Collected data START
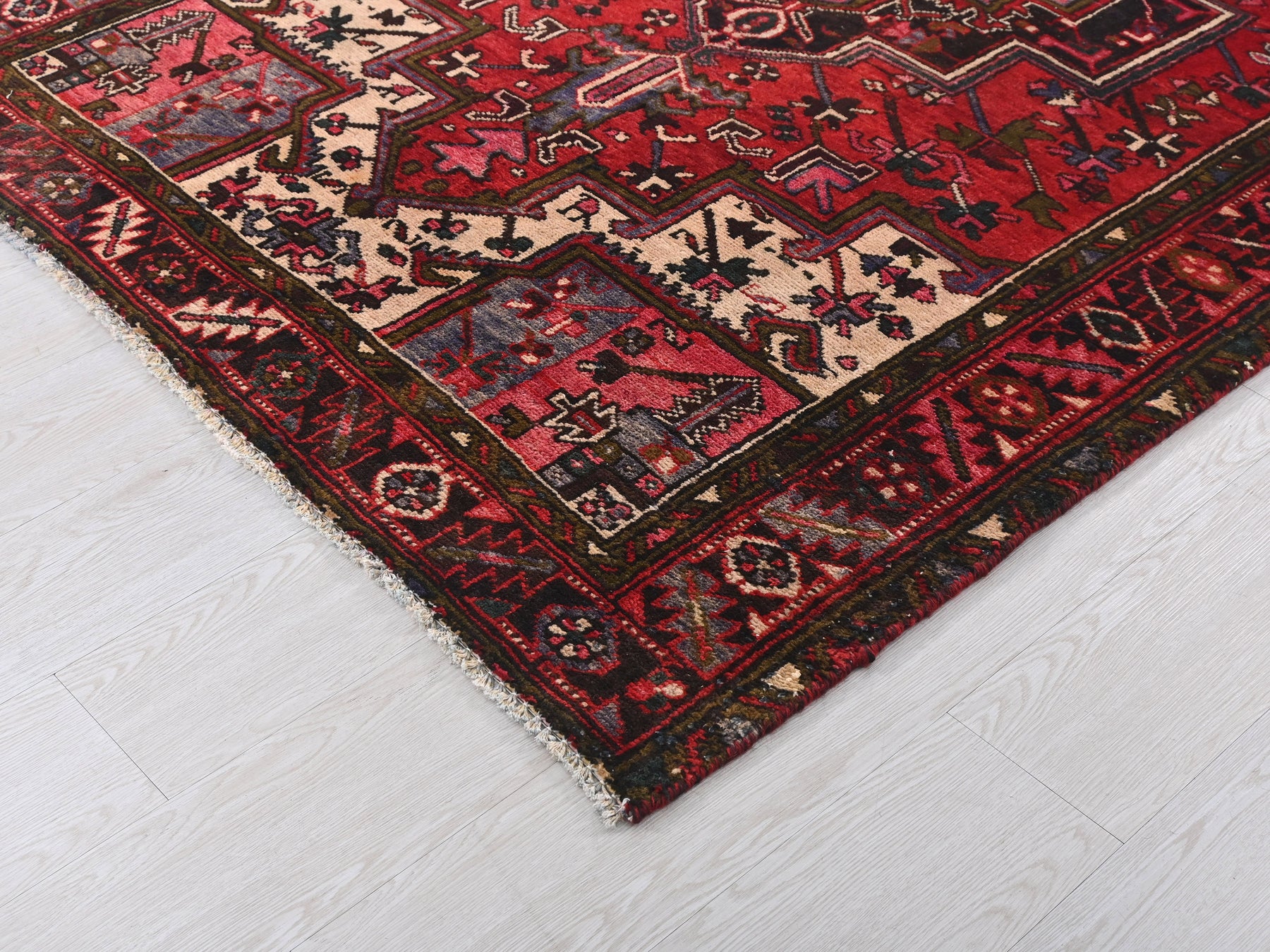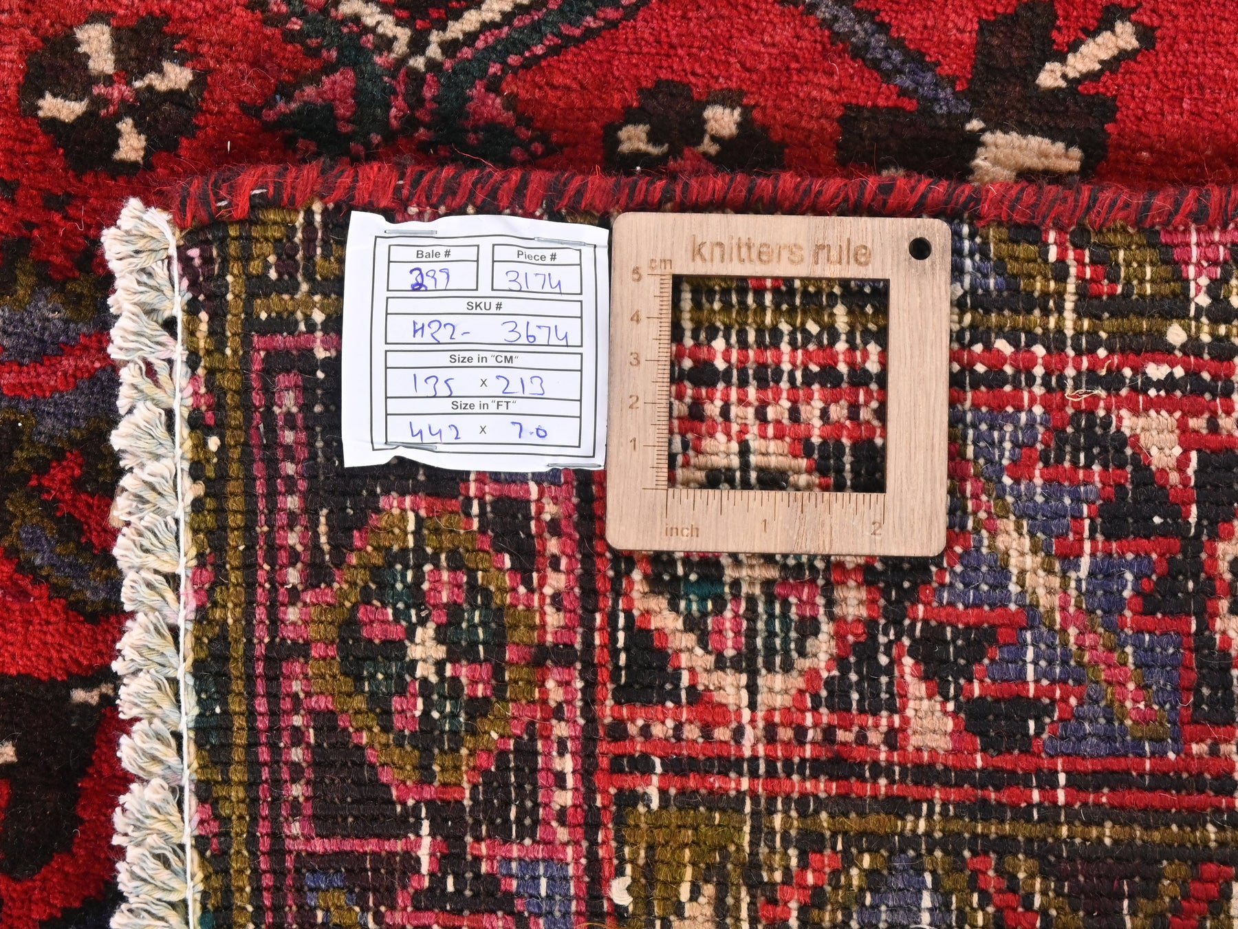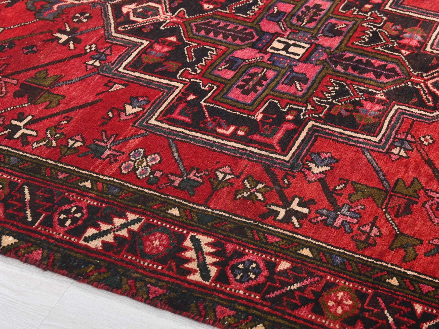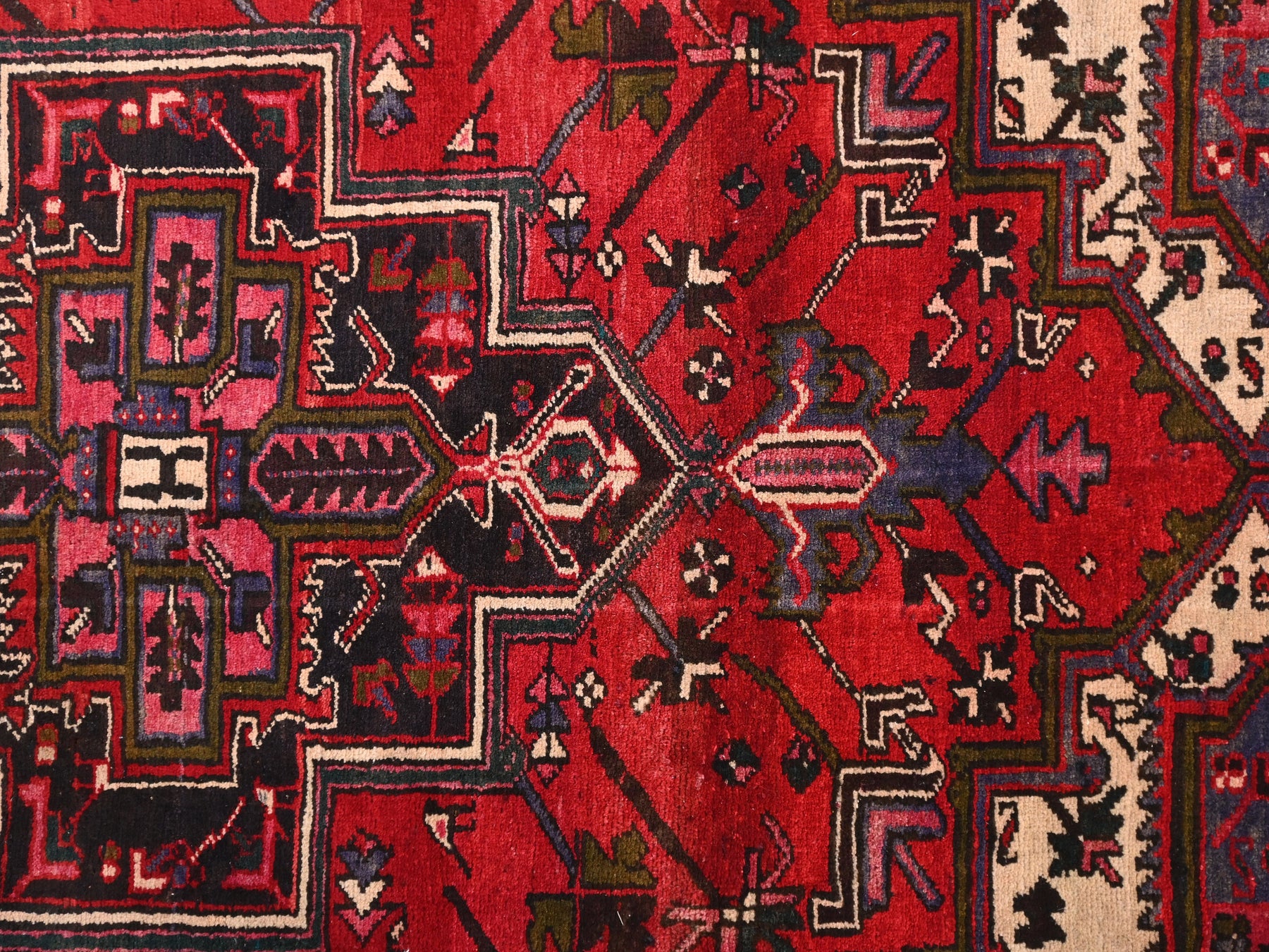 This is a hand-knotted, one-of-a-kind vintage rug. Due to the nature of this piece, there may be slight imperfections in its wear, shape, dimensions, and color. All of our rugs are professionally cleaned and repaired.
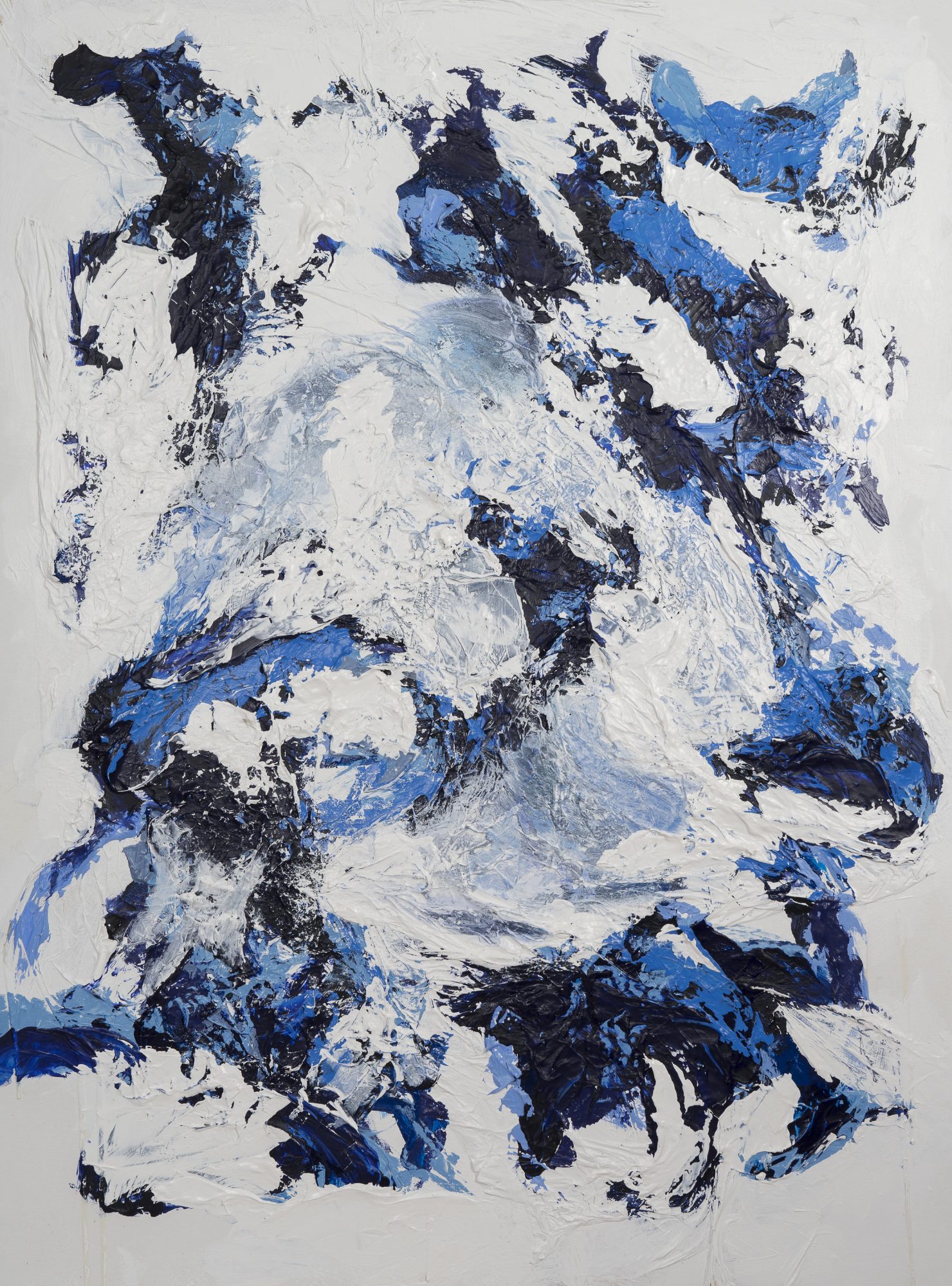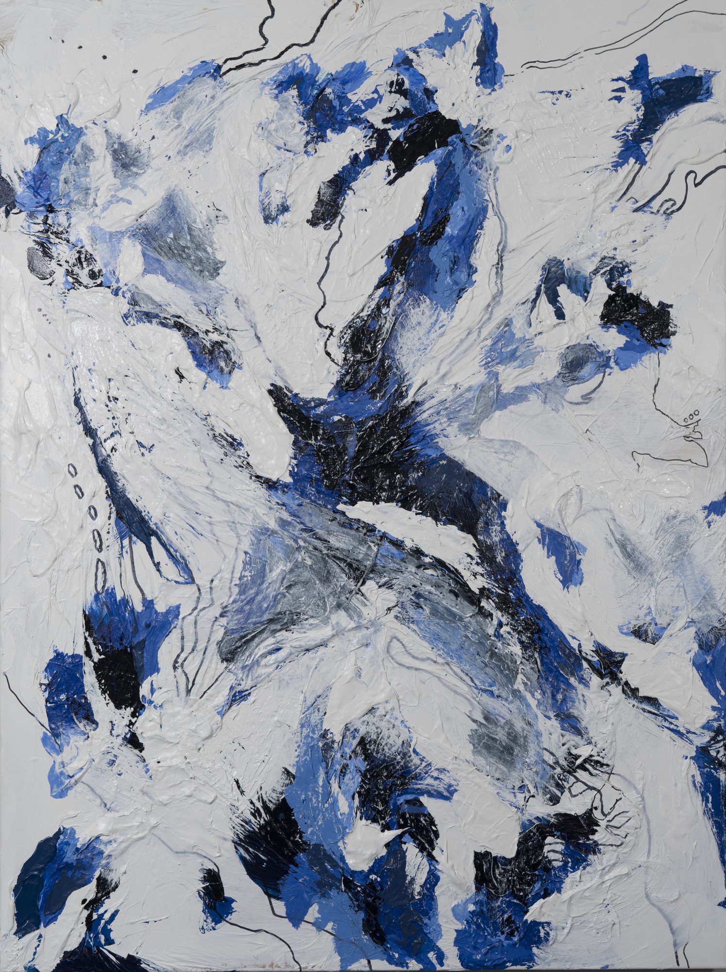 People often ask if this is my “blue phase.” My passion for the color blue began with a pair of navy blue shoes in second grade. I had to have those shoes! And there was other special garment in blue; my prom dress and even my wedding dress was a deep blue. My first painting was black, white and grey. When it was complete I put in three of the tiniest blue lines. I thought to myself, “What if the next painting is all blue? Why not embrace it?” I haven’t turned back since.
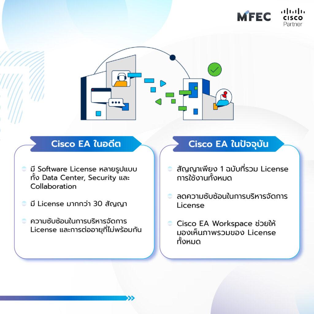 - Cisco EA ช่วยเพิ่มประสิทธิภาพการทำงานในองค์กรจากการลดเวลาและทรัพยากรที่ต้องใช้ไปกับการติดตามสถานะการใช้งานและดูแลการต่ออายุซอฟต์แวร์
Collected data END
Leave the pictures out and set down the rest of the listing above exactly.

 This is a hand-knotted, one-of-a-kind vintage rug. Due to the nature of this piece, there may be slight imperfections in its wear, shape, dimensions, and color. All of our rugs are professionally cleaned and repaired.
 People often ask if this is my “blue phase.” My passion for the color blue began with a pair of navy blue shoes in second grade. I had to have those shoes! And there was other special garment in blue; my prom dress and even my wedding dress was a deep blue. My first painting was black, white and grey. When it was complete I put in three of the tiniest blue lines. I thought to myself, “What if the next painting is all blue? Why not embrace it?” I haven’t turned back since.
 - Cisco EA ช่วยเพิ่มประสิทธิภาพการทำงานในองค์กรจากการลดเวลาและทรัพยากรที่ต้องใช้ไปกับการติดตามสถานะการใช้งานและดูแลการต่ออายุซอฟต์แวร์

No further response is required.